- Developer: Mediocre
- Publisher: Mediocre
- Designer: Emil Bengtsson
- Programmer: Dennis Gustafsson
- Artist: Henrik Johansson
- Composer: Douglas Holmquist
- Platforms: Android, iOS
- Release: October 27, 2016
- Genre: Pinball
- Mode: Single-player

= PinOut =

2016 mobile video game

PinOut is a 2016 pinball video game developed and published by the Swedish indie game studio Mediocre. It was released on 27 October 2016 for Android and iOS devices. The goal of the game is to propel a ball in the pin machine as far as possible before time runs out. After the first seven levels the endless mode begins.

== Gameplay ==

The game has the basic appearance of a conventional pinball game, with a rolling ball propelled upward on the play field by hitting it with flippers.
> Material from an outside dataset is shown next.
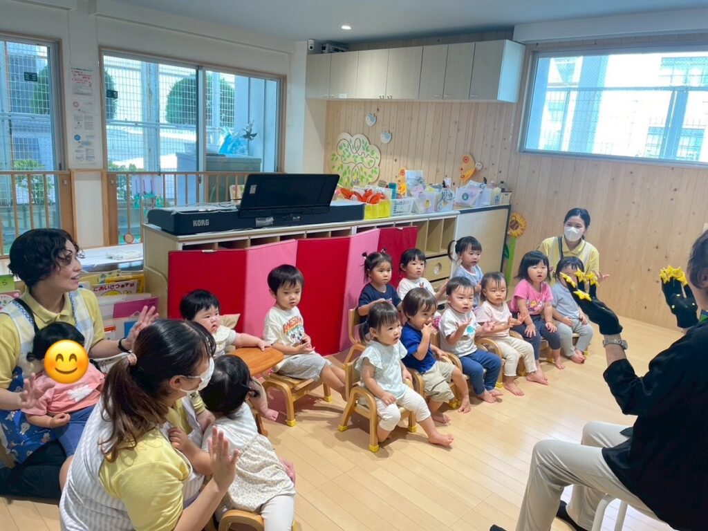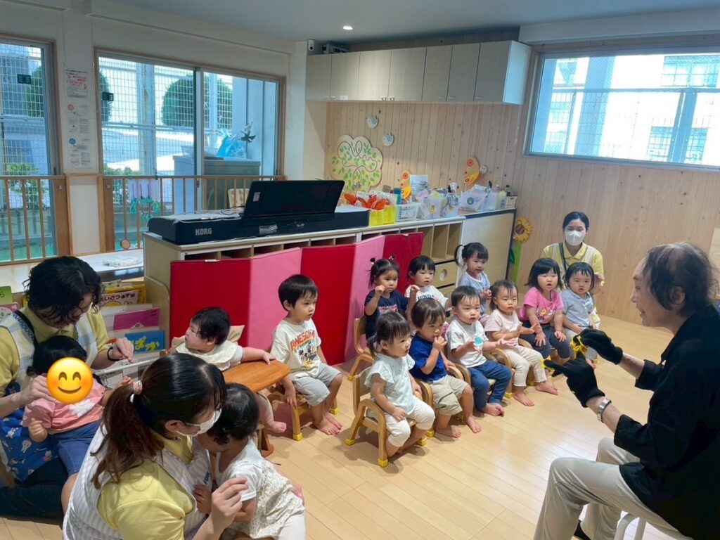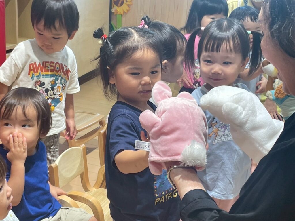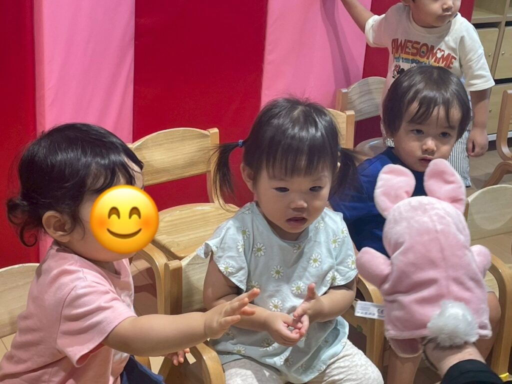 らんらんさん達の絵本の読み聞かせや手ぶくろシアターに興味津々で見つめる子ども達🤩
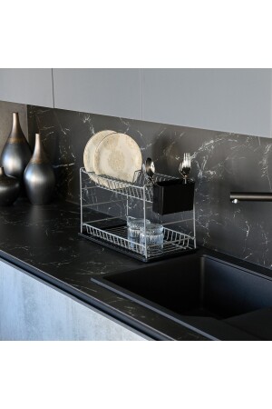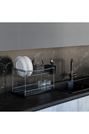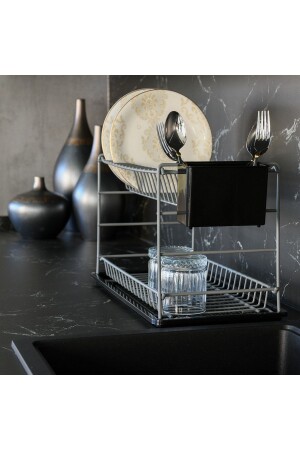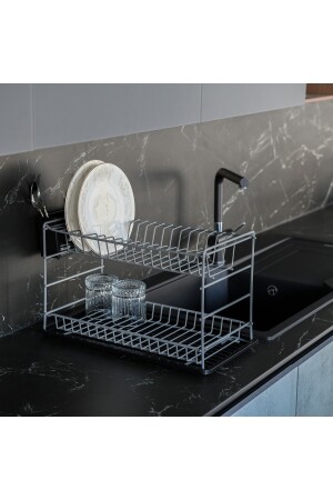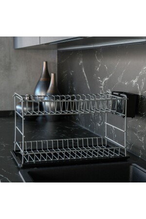 Paslanmaz Alüminyum Iki Katlı Siyah Bulaşıklık Modern Tabaklık

However, unlike a conventional pinball game, the play field extends upwards endlessly. The display follows the ball as it moves. Multiple flippers are placed throughout the play field. There is no drain; play is limited by a timer. The challenge is to go as far as possible up the play field, within the available time.

The player controls the flippers by tapping the left or right of the screen. The player can also hold the flippers to "catch" the ball, for a more precise shot.
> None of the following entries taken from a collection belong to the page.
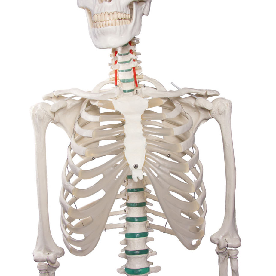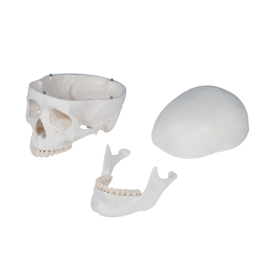 Das Skelett wird nach strengen Qualitätsvorgaben hergestellt. Die stabile Verarbeitung und robuste Ausführung gewährleistet eine langlebige Qualität auch bei intensiver Benutzung. Hergestellt aus haltbarem, unzerbrechlichem Kunststoff. Die Zähne sind separat gefertigt und einzeln in den Kiefer eingesetzt. Die Gliedmaßen können per Schnellverschluss einfach und schnell abgenommen und wieder angebracht werden. Schulter, Hüfte und Knie verfügen über flexible Gummiverbindungen, die eine lebensechte, gleitende Bewegung der Gelenke erlauben. Die etwa 200 Knochen des Skeletts entsprechen in Größe und annähernd im Gewicht den echten menschlichen Knochen. Das Skelett ist anatomisch korrekt und vollständig, es zeigt alle wichtigen Strukturen und Foramina. Der dreiteilige Schädel wurde digitalisiert und so angepasst, dass er genau der Standard-Anatomie entspricht. Die Größe entspricht der europäischen Durchschnittsgröße, alle wichtigen Strukturen, Fissuren, Foramina und Processus sind vorhanden. Der Schädel ist zerlegbar in Schädelbasis, Unterkiefer und Schädeldach. Das Schädeldach ist mit Metallstiften an der Schädelbasis ausgerichtet und wird durch Magnete gehalten. Die Wirbelsäule des Skeletts zeigt die Spinalnerven, die Arteria vertebralis und einen dorsolateralen Bandscheibenvorfall. 5-strahliges Rollenstativ, robust, leichtgängig und abnehmbar. Natürliche Skelett-Größe (Größe: 178 cm mit Stativ). Gewich: 9 kg. Verpackungsmaße: 98 x 47 x 29 cm
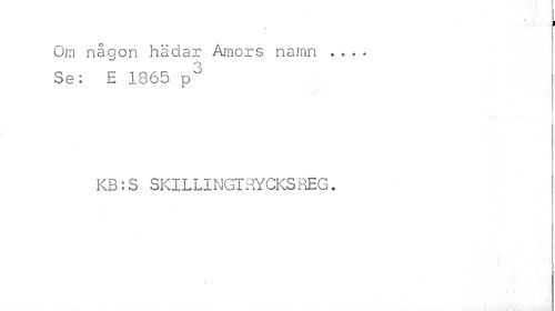 //// , //// Om nåqon hädar Amors namn ... Se: E 1865 p3 //// KB:S SKILLINGTRYCKSREG. ////
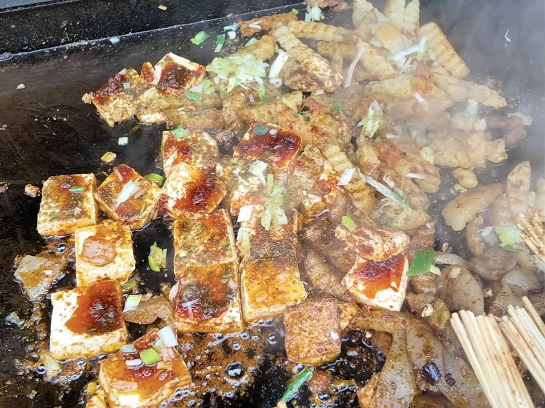 位于玉虚路10—3号的巧婆婆铁板烧现烤现卖,炭火煎制的食材滋滋作响,裹上秘制酱料,外焦里嫩、香气扑鼻,堪称街头人气王。

To gain additional time, the player can hit glowing dots with the ball, gaining 1 second per dot. If the time runs out, the game ends. There are ten checkpoints in the game. With an in-app purchase, the player can enable restarting from past checkpoints, restoring their progress to that point. Otherwise, players must start at the beginning.
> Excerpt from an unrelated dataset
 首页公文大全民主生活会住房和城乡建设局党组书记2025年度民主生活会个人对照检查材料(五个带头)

If the player makes it past the main play fields, there is an "Overtime" mode, where the player keeps playing the same course until time expires.

=== Minigames ===

There are four different minigames (one of these is an easter egg referencing Does not Commute, another Mediocre AB game) which, upon losing the minigame, the resulting score will be added to the timer. These minigames appear in a small area at the top of the screen, reminiscent of the "video mode" minigames in hybrid electronic pinball games.

=== Power-ups ===

Like the minigames, power-ups appear as colored orbs on the playing field, and are obtained when the ball touches the orb. The game then offers the player a choice between two of the following:

- Slow Motion — temporarily slows the ticks of the timer.
- Time Freeze — stops the timer for 10 slips of the flippers.
- Motion Link — for a limited time, the timer only ticks when the ball is in motion.
- Push — temporarily allows the player to move the ball in any direction.
- Warp — instantly skips the player ahead to a further section of the level.
- Time Doubler — temporarily makes the glowing dots worth 2 seconds instead of 1.
- Random — one of the other power-ups listed above is granted.

== Reception ==

Metacritic gave the game an average score of 81 out of 100, indicating "generally favorable reviews". Gamezebo gave PinOut a rating of 4.5 stars, praising its graphics and soundtrack, while criticizing the timer as oppressive. Pocket Gamer praised the originality, game-play, and aesthetics, but said it can be "a little tough".

Aggregate score
| Aggregator | Score |
|---|---|
| Metacritic | 81/100 |

Review scores
| Publication | Score |
|---|---|
| Gamezebo | 4.5/5 |
| Pocket Gamer | 9/10 |
| TouchArcade | 4/5 |

== See also ==

- Smash Hit – another game from Mediocre involving balls smashing into glass.